> **WHAT YOU NEED TO DO**: Starting at the line that contains "平素より弊社のソリューション", transcribe each line exactly through the end of the data below, and skip any pictures.

> **DATA**:
- Opening Delimiter -

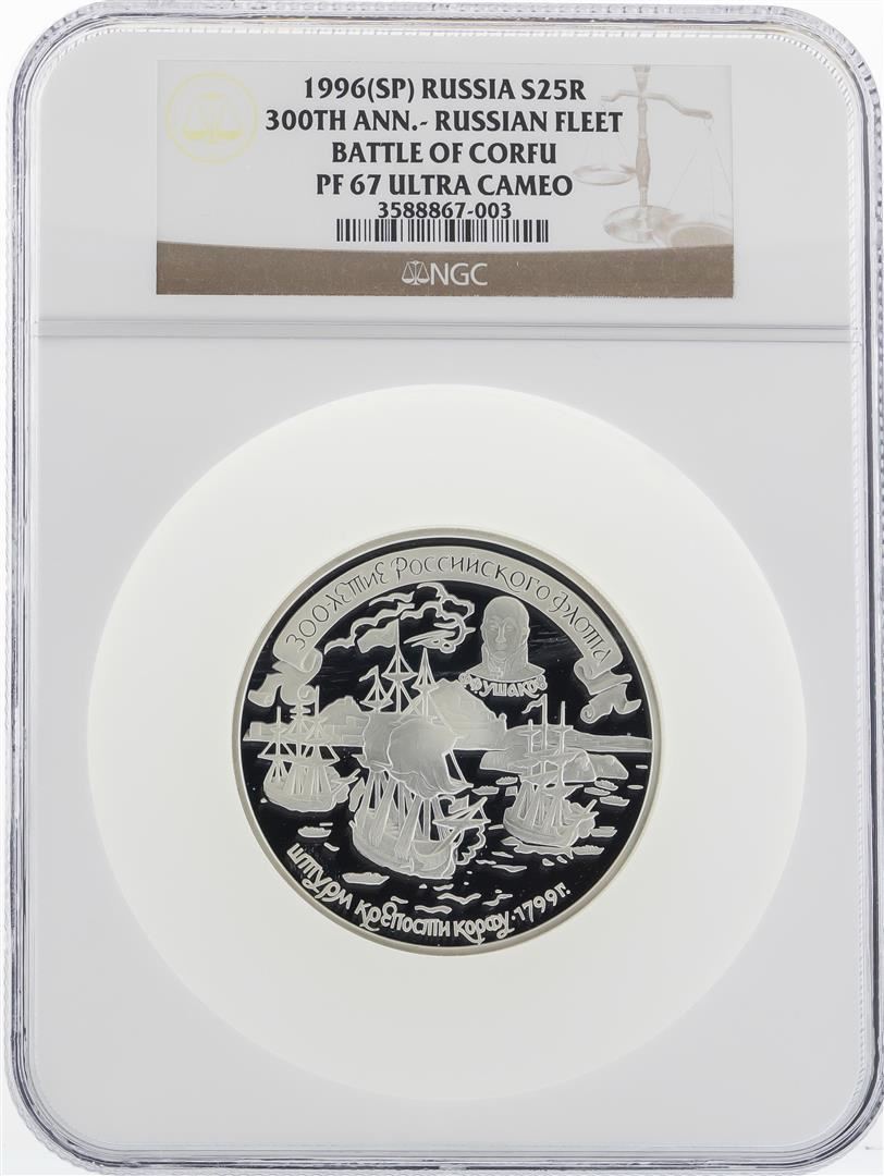 One 1996(SP) Russia 25 Roubles 300th Anniversary Silver Proof Coin NGC PF67 Ultra Cameo. NGC Certified.
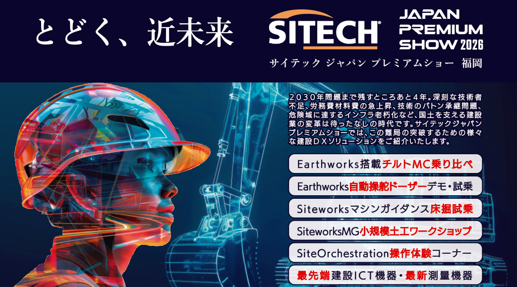 平素より弊社のソリューションをご愛顧いただき誠にありがとうございます。21世紀も四半世紀が経過し、建設現場のデジタル化・建機のICT化など建設DXのスピードはますます加速しています。2024年よりサイテックジャパンでは、建設の近未来へ向けて、「とどく、近未来」をテーマに、最新のマシンコントロール、マシンガイダンス、ICT測量技術を体感・試乗していただけるイベント『サイテックジャパン プレミアムショー」を開催しています。そして本年2025年10月には、京都府京丹波町にて『サイテックジャパンプレミアムショーin京丹波』を開催させていただく運びとなりました。皆様におかれましては、大変お忙しい中とは存じますが、是非とも本イベントへご参加いただき最新の建設ICTテクノロジーをご体感・ご試乗賜りたくご案内申し上げます。
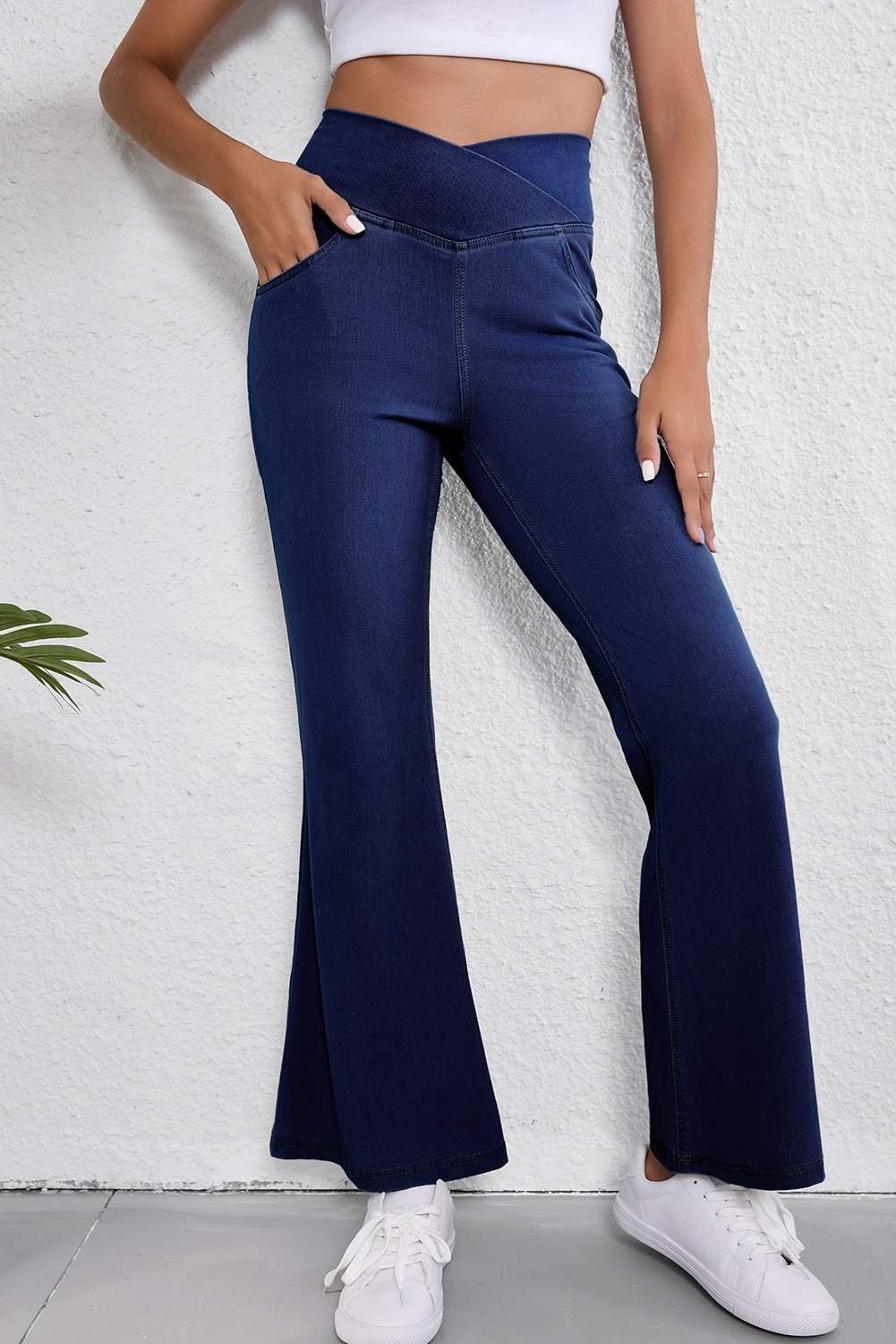 Dusk Blue Solid Crossed Waist High Elastic Fit Flare Knit Jeans

- Closing Delimiter -

> **OUTPUT FOR THIS EXERCISE**:
 平素より弊社のソリューションをご愛顧いただき誠にありがとうございます。21世紀も四半世紀が経過し、建設現場のデジタル化・建機のICT化など建設DXのスピードはますます加速しています。2024年よりサイテックジャパンでは、建設の近未来へ向けて、「とどく、近未来」をテーマに、最新のマシンコントロール、マシンガイダンス、ICT測量技術を体感・試乗していただけるイベント『サイテックジャパン プレミアムショー」を開催しています。そして本年2025年10月には、京都府京丹波町にて『サイテックジャパンプレミアムショーin京丹波』を開催させていただく運びとなりました。皆様におかれましては、大変お忙しい中とは存じますが、是非とも本イベントへご参加いただき最新の建設ICTテクノロジーをご体感・ご試乗賜りたくご案内申し上げます。
 Dusk Blue Solid Crossed Waist High Elastic Fit Flare Knit Jeans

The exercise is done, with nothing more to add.